Steinmeier, “Bizi bölemezler. Bizi bölmelerine izin vermeyeceğiz” dedi.
Gabriel de, “Barış içinde birlikte yaşamı bozmalarına izin vermeyeceğiz. Çünkü biz birlikte daha güçlüyüz” yanıtını verdi.
* * *
Uyarı nöbeti bittikten sonra Sigmar Gabriel’e yeniden rastladım.
“Bu etkinlik sırasında neler hissettiniz?” diye sordum.
Gabriel, “Bu akşam iki kez ‘Hepimiz Almanyayız’ (hem Alman Cumhurbaşkanı Joachim Gauck hem de Almanya Müslümanlar Merkez Konseyi Başkanı Ayman Mazyek söyledi) söylemini duydum. İşte biz buyuz. İşte Almanya budur” dedi.
* * *
Etkinlikten sonra Federal Meclis Başkanı Norbert Lammert’e de neler hissettiğini sordum.
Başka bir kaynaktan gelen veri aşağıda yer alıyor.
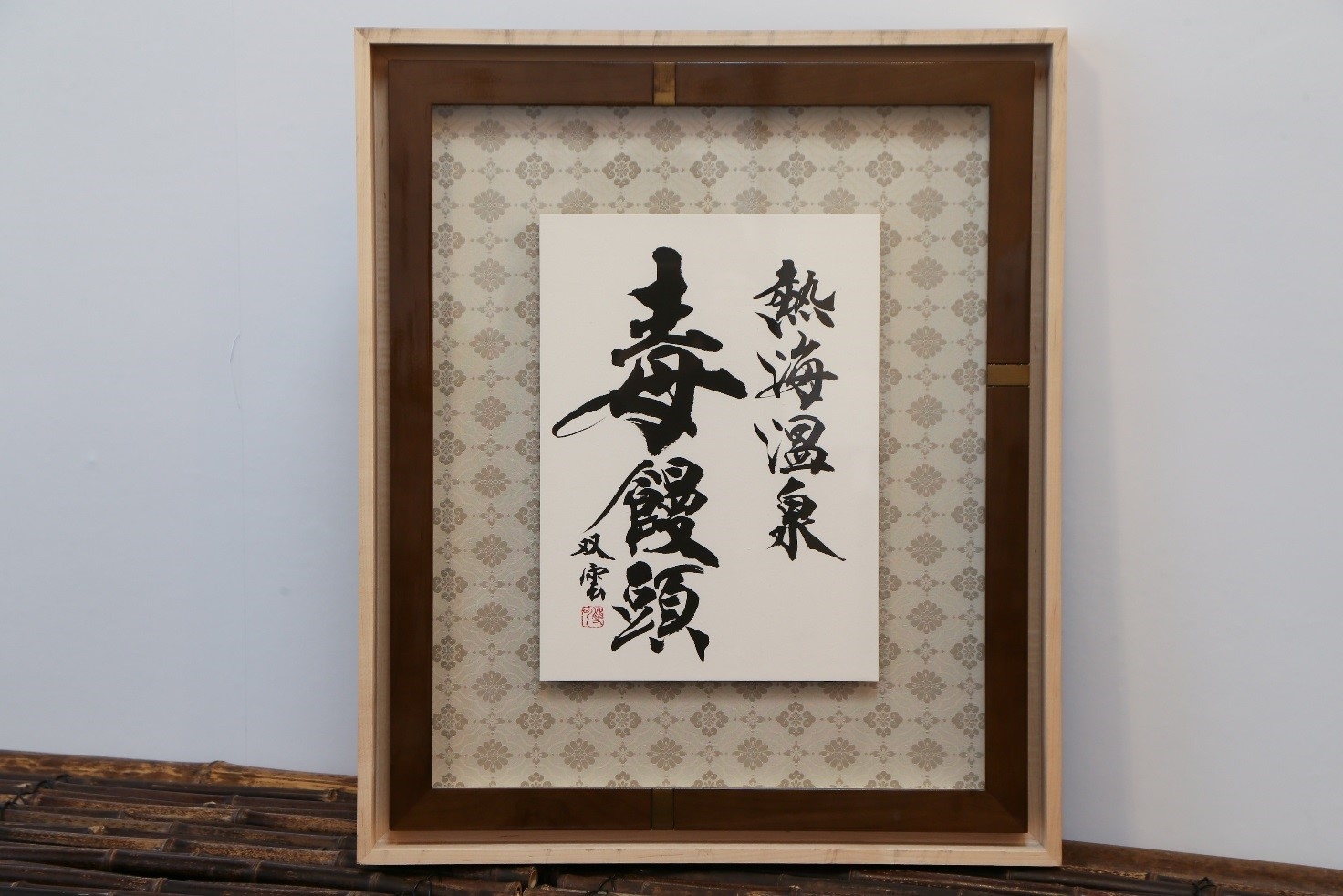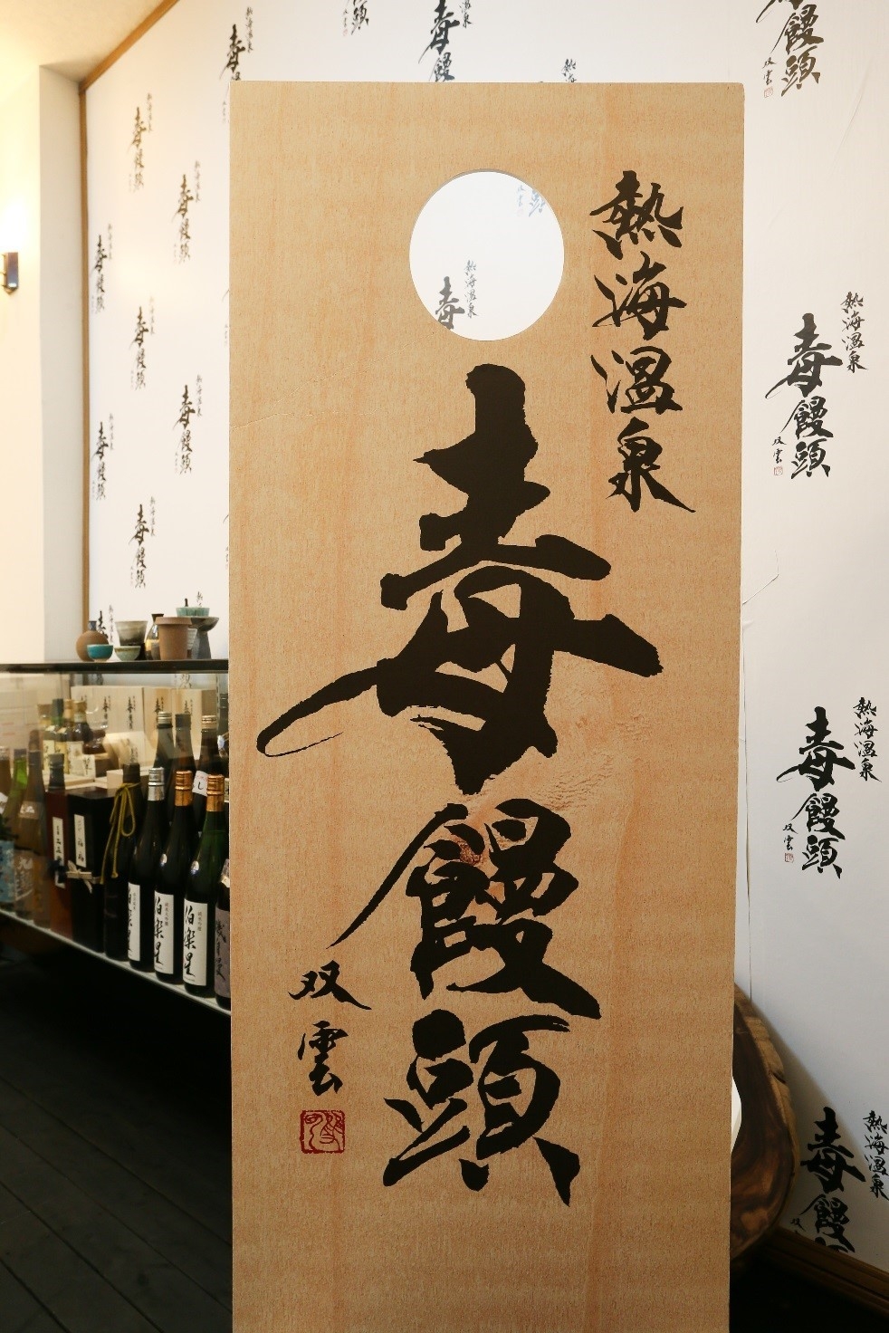 国産品を日本らしく販売することをモットーに、レトロな情趣を醸し出す熱海温泉の商店街に店舗を構えています。店内は無垢材を組み立てて塗装した手作りの黒い床、そして武田双雲の書を印字した両壁面、地元の陶芸品や国産で稀少な日本酒・焼酎・ウィスキーが飾られて和空間を演出しています。営業日は超不定休、営業時間は作品がなくなり次第閉店としています。開店日から儲けを度外視した営業スタイルです。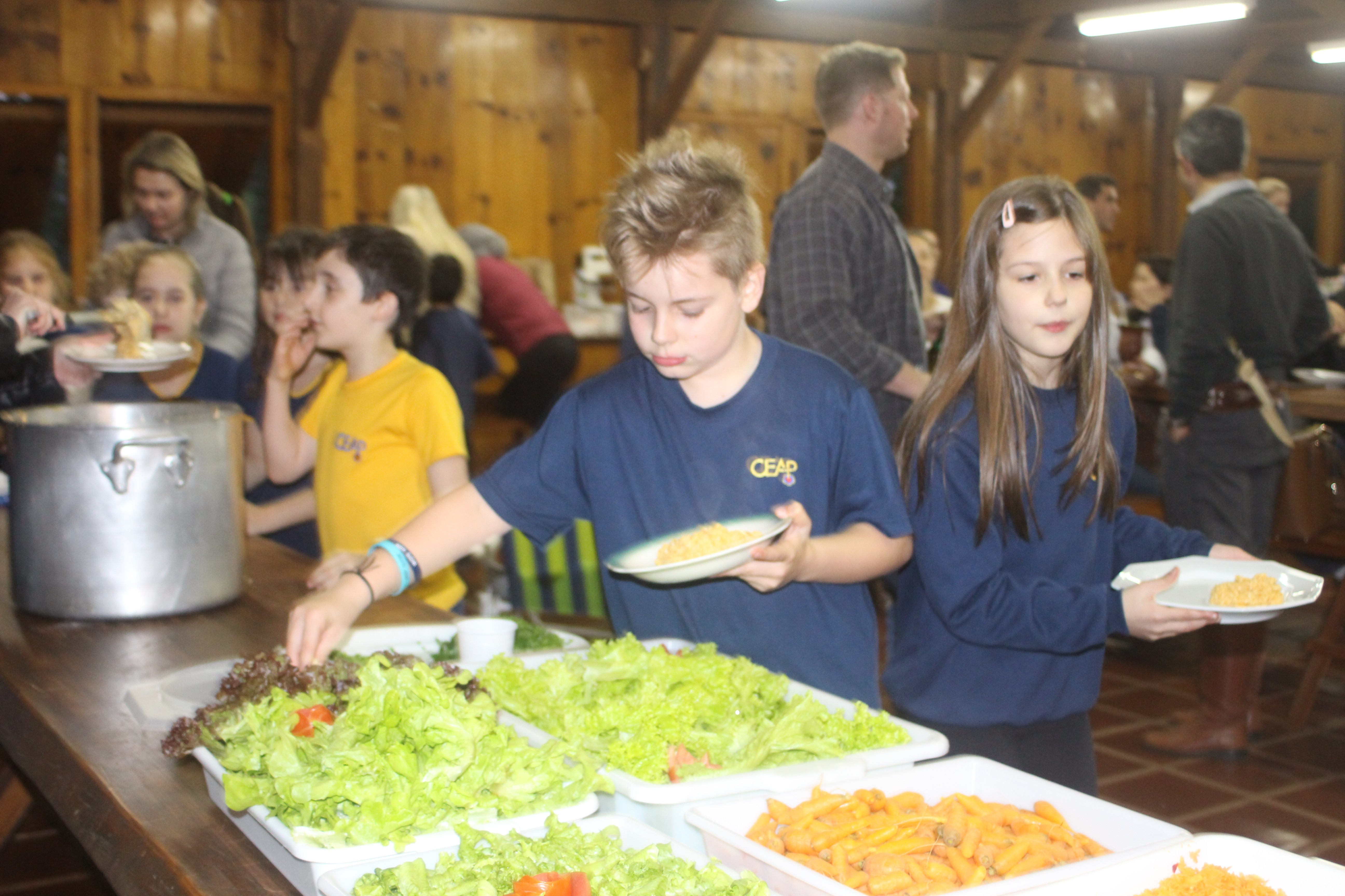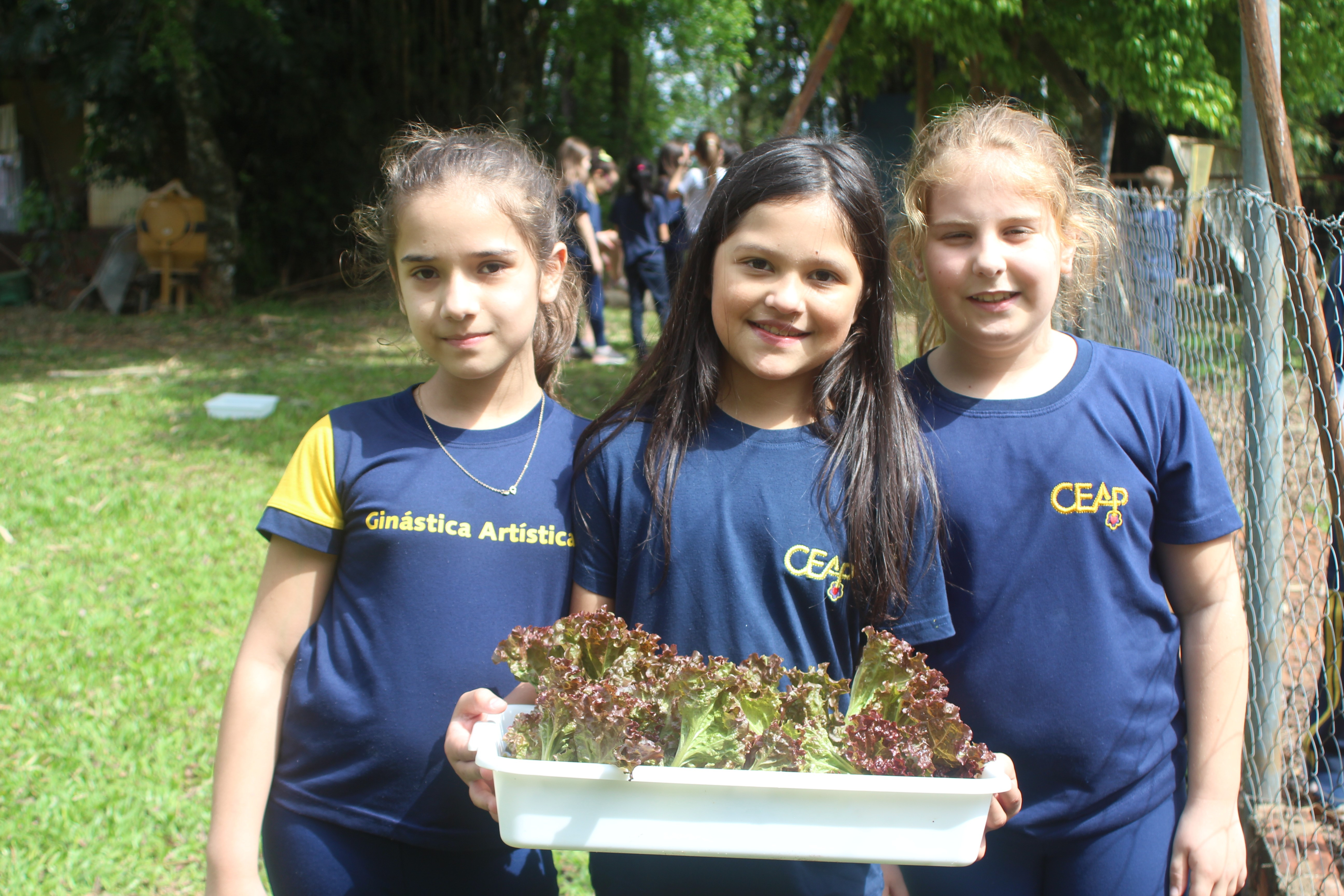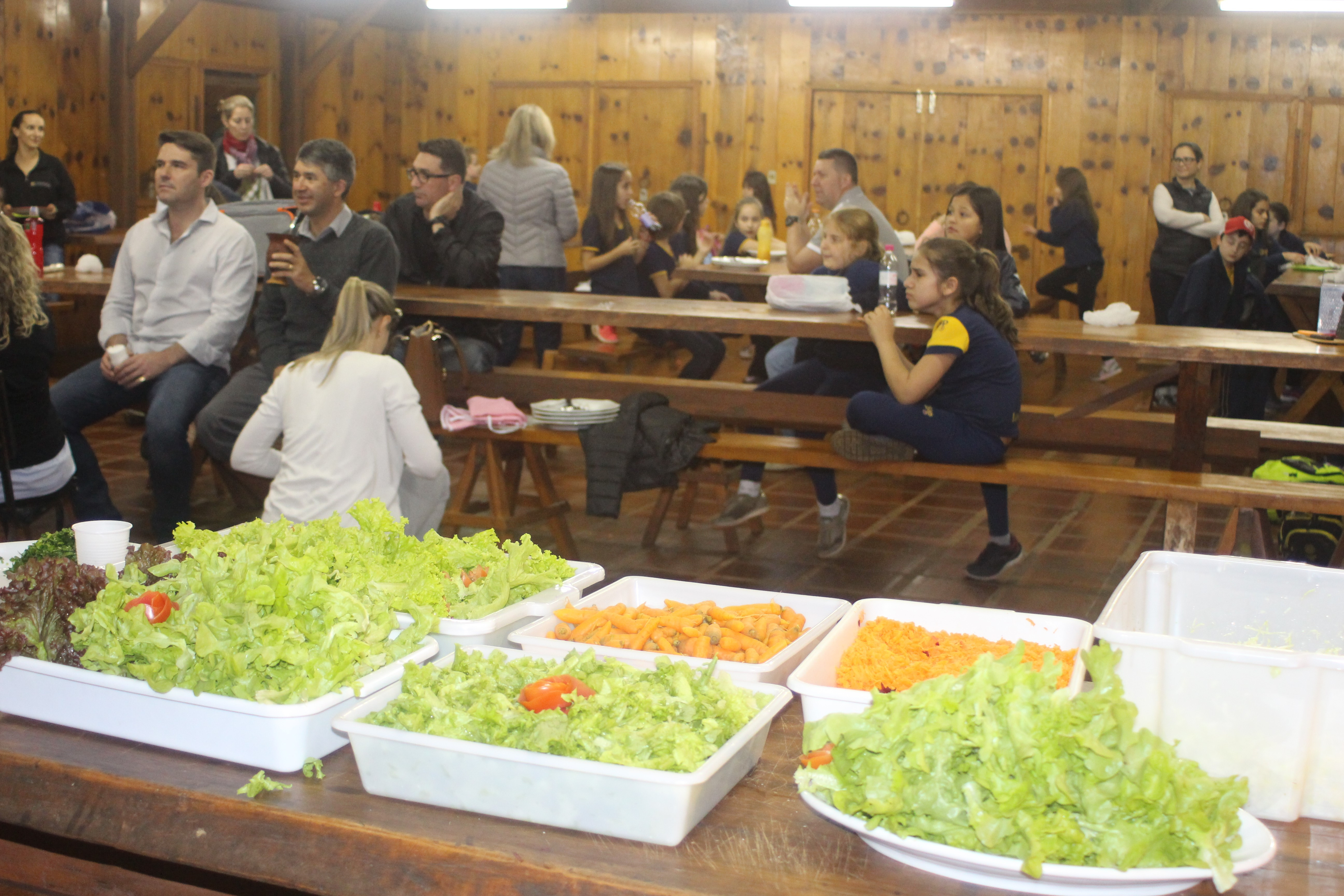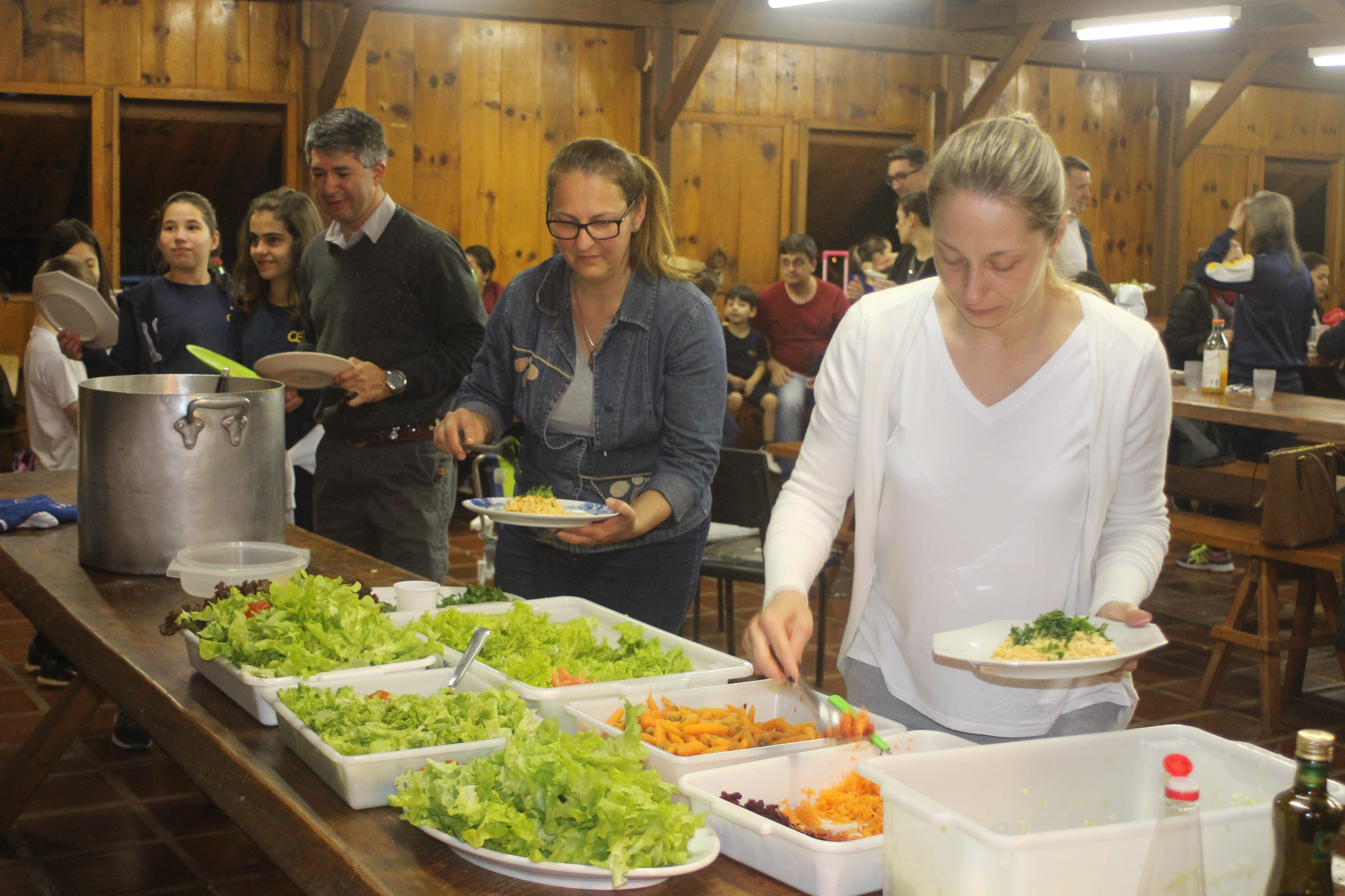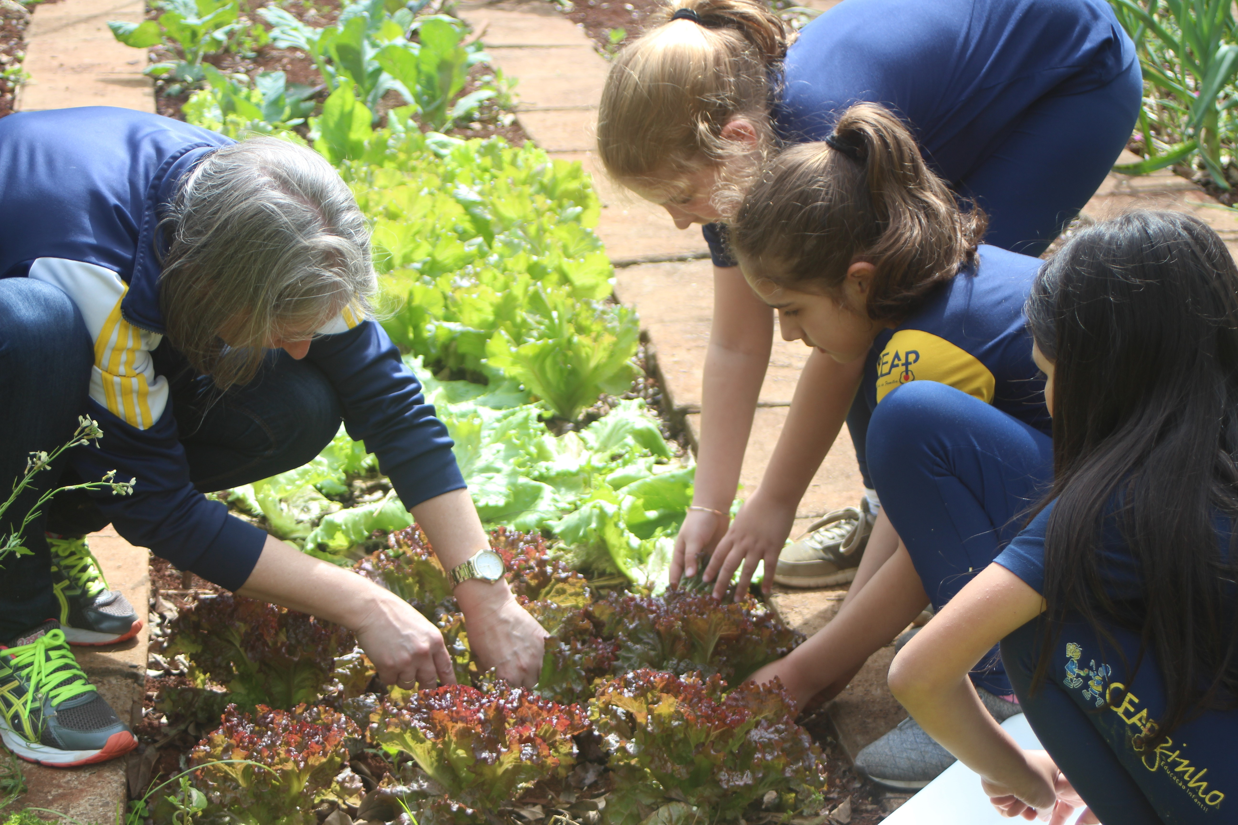 A alegria da colheita estava estampada nos sorrisos. E para confraternizar convidaram os pais para comerem as saladinhas acompanhadas de um delicioso risoto, feito pelas voluntárias mamães.

Hıristiyan Demokrat Birlik Partili (CDU) Lammert, her şeyden önce böyle bir etkinliğin devlet tarafından değil de Almanya’da yaşayan Müslümanların oluşturduğu sivil toplum örgütleri ve kuruluşları tarafından düzenlenmesini çok anlamlı bulduğunun altını çizdi.
Tam o anda bir Alman televizyon muhabirinin katılımın çok yüksek olmadığı şeklindeki yaklaşımına da “Katılımcı sayısından ziyade sergilenen birliktelik ve bütünlük tablosu önemli. Bu kesinlikle gözardı edilmemeli” dedi.
Lammert’e çok net bir biçimde “Bu ülkede Müslümanlar tehlikesiz bir biçimde yaşayabilirler mi?” diye sordum.
Yanıtı çok açıktı: Evet.
“Almanya’da herkes özgür biçimde, herhangi bir tehlike ve tehdide maruz kalmadan yaşayabilir. Bu Müslümanlar için de geçirlidir. Tehdit ve tehlike riski diğerleri için ne kadar varsa, Müslümanlar için de o kadar vardır” dedi.
Teröre ve barış içinde birlikte yaşamı bozmaya yeltenenlere karşı el ele vererek kararlı ve güçlü bir biçimde mücadele edilmesinin bu tehlike ve tehdit riskini azaltacağını da söyledi.